I have fairly new set of Marples and Irwins that were both gifts, and I think the only difference between the two is the handles. They take an edge pretty well, but don't hold as well as I want for bench chisels. I have been pretty pleased with them for general carpentry, but not woodworking.


----------



## Possumpoint (Oct 13, 2011)

Paul Gillespie

I bought a set of Narex chisels from Lee Valley last summer for $49.00 plus shipping. That sale may not still be on for the set of seven chisels. The steel takes a nice edge and holds it well. They're better then the Marples I gave away to my son. 

Richard Gillespie


----------



## Hammer1 (Aug 1, 2010)

Chisel size doesn't make much difference, except maybe mortice chisels. Even then, metric or standard doesn't matter much. It's only when a chisel must match a specific size and that is rare. How well or long chisels retain an edge is often dependent on the angle of sharpening. Most come with a primary bevel of around 22 degrees. Very few chisels will hold an edge at that angle. They require sharpening to a secondary angle, roughly 30 for softwoods and 35 for hardwoods. My old blue handled Marples are the equivalent of many other chisels I own, Sorby's, vintage, antique, Hamlet, Two Cherries. Millers Falls, Stanley, Greenlee. Sharpened equally, the only difference is looks and feel. The correct sharpening angle makes a world of difference. 

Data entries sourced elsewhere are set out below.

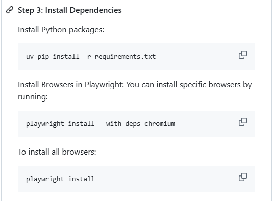 playwright install; - 等待安装结束。
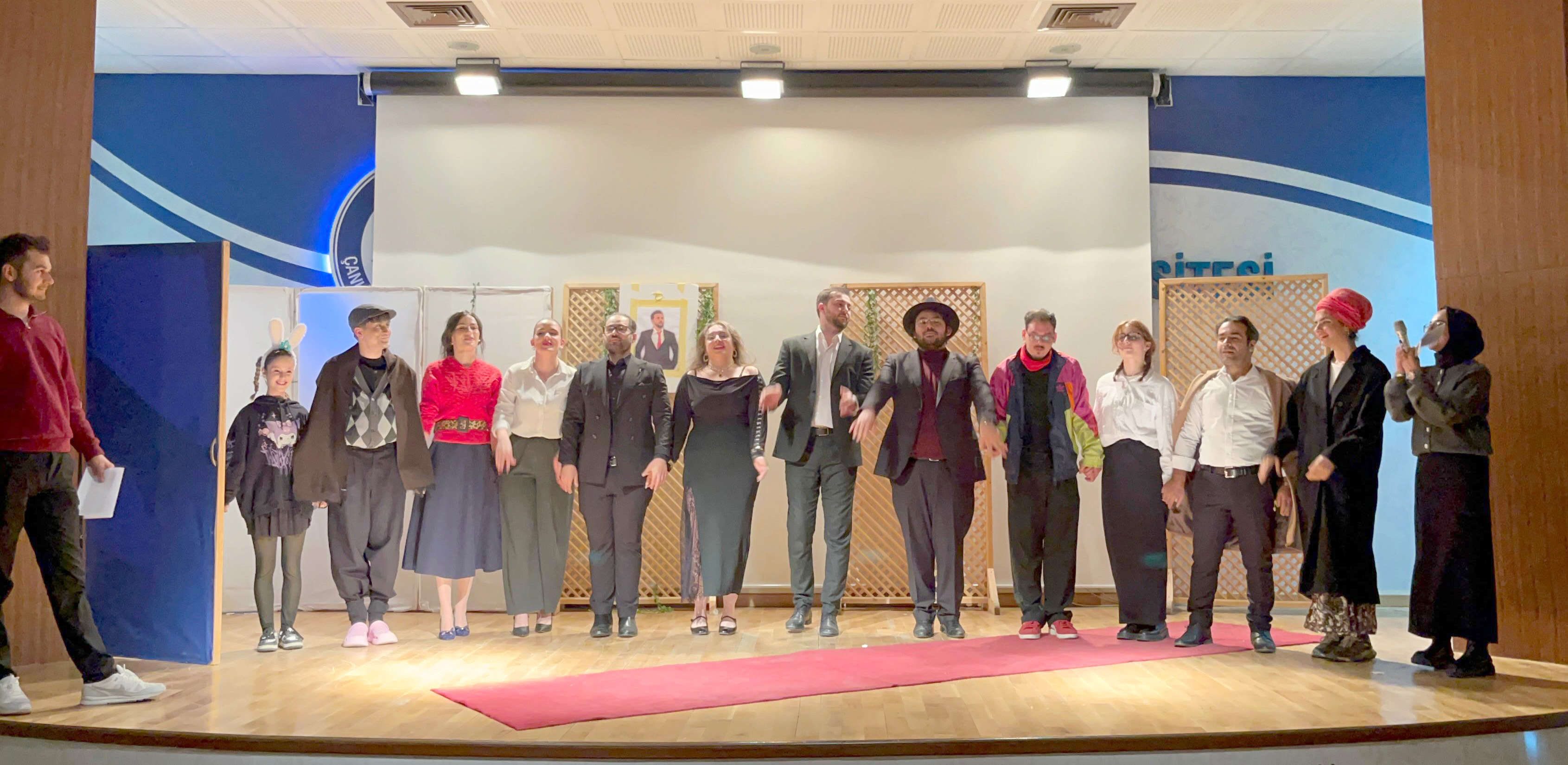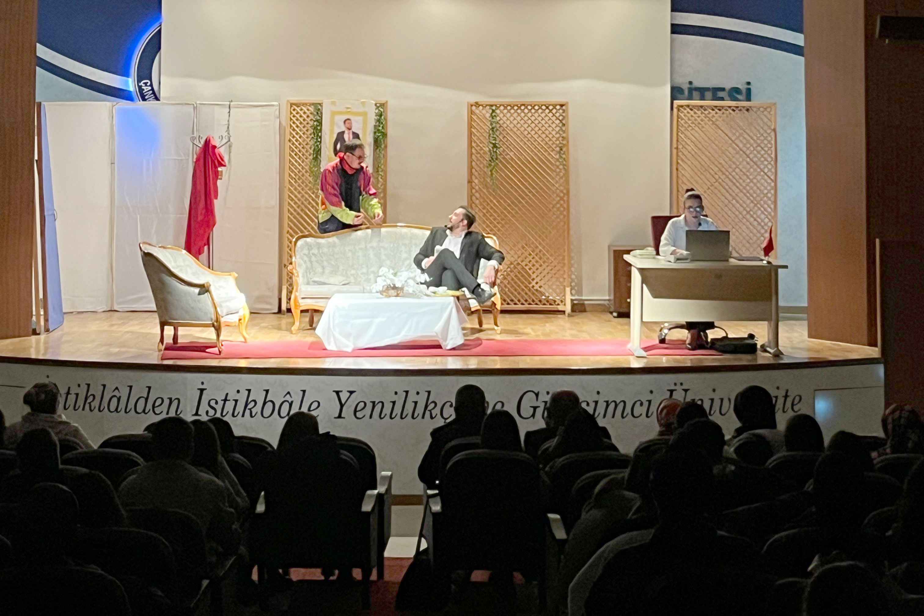 ÇAKÜ Rektörlük Konferans Salonu’nda sahnelenen oyunda salonun tamamen dolması, üniversite öğrencilerinin sanata olan ilgisini bir kez daha gözler önüne serdi. İzleyiciler, oyun boyunca sergilenen performansları ilgiyle takip ederken, sahnedeki mizahi anlatım sık sık alkışlarla karşılık buldu.
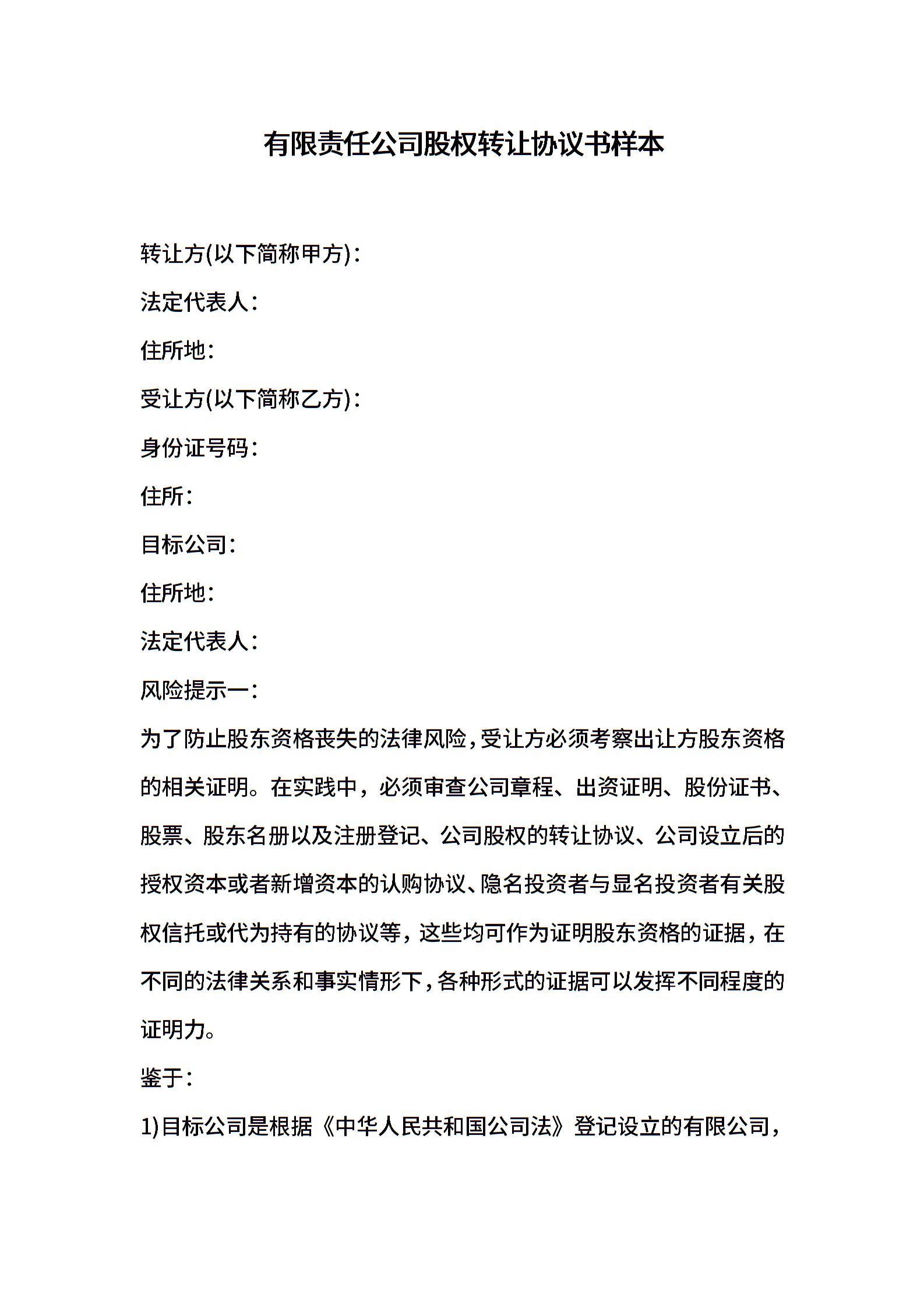 有限责任公司股权转让协议书样本
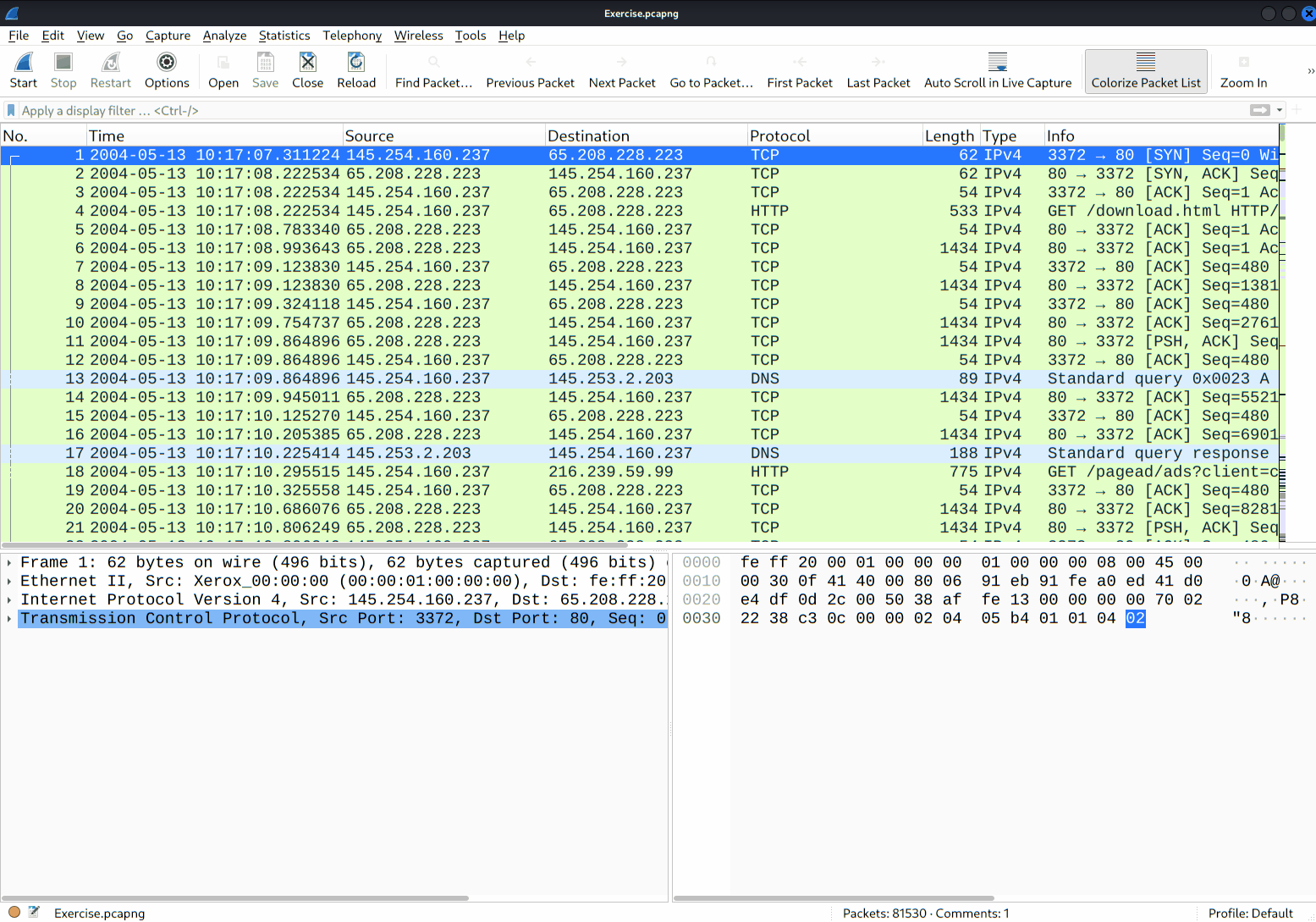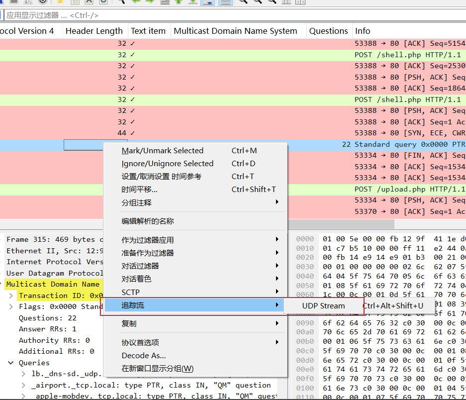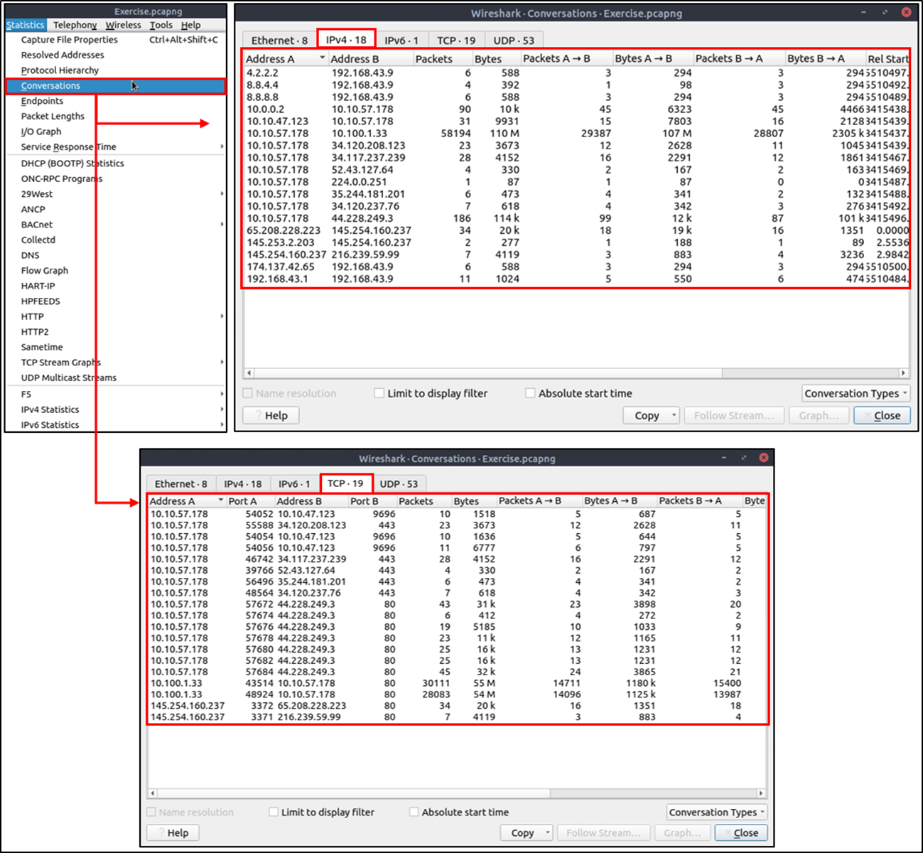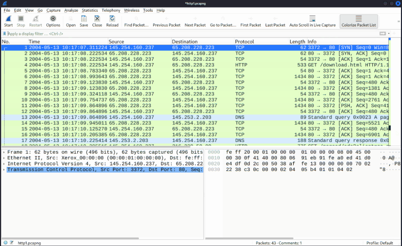 - 检查内部和外部可疑通信的内容。例如,通过DNS进行数据泄露、通过HTTP下载恶意 ZIP 文件、横向移动等。

I use bench type chisels for paring work quite a lot. If I want a chisel that will hold an edge at a lower angle, I have to find ones made from different tool steel than the norm. Lie Nielsen now makes a harder steel chisel. You make a trade off in terms of ease of sharpening and brittleness of the edge. You don't want to mortice, pry or hammer with harder steel. 

I would stay away from chisels like Craftsman, Fuller, Buck Bros and others you may see in big box stores. Don't know if the Irwins are the same as the old Marples which are Sheffield steel. I like the size and construction of the Marples and other British chisels. I don't like socket chisels, the sockets are always coming loose. It becomes a personal choice, looks, feel and price. If you talk to someone who doesn't like a particular brand of chisels, ask them about their sharpening angles. At the wrong angle, most will be disappointing.


----------



## Wrangler02 (Apr 15, 2011)

Hammer1 said:


> Chisel size doesn't make much difference, except maybe mortice chisels. Even then, metric or standard doesn't matter much. It's only when a chisel must match a specific size and that is rare. How well or long chisels retain an edge is often dependent on the angle of sharpening. Most come with a primary bevel of around 22 degrees. Very few chisels will hold an edge at that angle. They require sharpening to a secondary angle, roughly 30 for softwoods and 35 for hardwoods. My old blue handled Marples are the equivalent of many other chisels I own, Sorby's, vintage, antique, Hamlet, Two Cherries. Millers Falls, Stanley, Greenlee. Sharpened equally, the only difference is looks and feel. The correct sharpening angle makes a world of difference.
> 
> I use bench type chisels for paring work quite a lot. If I want a chisel that will hold an edge at a lower angle, I have to find ones made from different tool steel than the norm. Lie Nielsen now makes a harder steel chisel. You make a trade off in terms of ease of sharpening and brittleness of the edge. You don't want to mortice, pry or hammer with harder steel.
> 
> I would stay away from chisels like Craftsman, Fuller, Buck Bros and others you may see in big box stores. Don't know if the Irwins are the same as the old Marples which are Sheffield steel. I like the size and construction of the Marples and other British chisels. I don't like socket chisels, the sockets are always coming loose. It becomes a personal choice, looks, feel and price. If you talk to someone who doesn't like a particular brand of chisels, ask them about their sharpening angles. At the wrong angle, most will be disappointing.


Good advice!! I couldn't add a thing.


----------



## woodnthings (Jan 24, 2009)

*These are pricey but probably the "best"*

When in Japan on business, 1990, I came across a small shop maybe 12' wide, dusty shelves, prices in Yen from 10 -20 years ago, small older Japanese woman at the counter, spoke no English, thankfully I had a friend who spoke Japanese along. I bought everything I could carry! He said "You just made her yearly sales quota" :laughing:
The Japanese have been making steel for centuries and their laminated steel is the best I've seen for cutting tools like slicks and chisels. Not saying you can or should get them, just providing some additional info if you haven't seen them.  bill


----------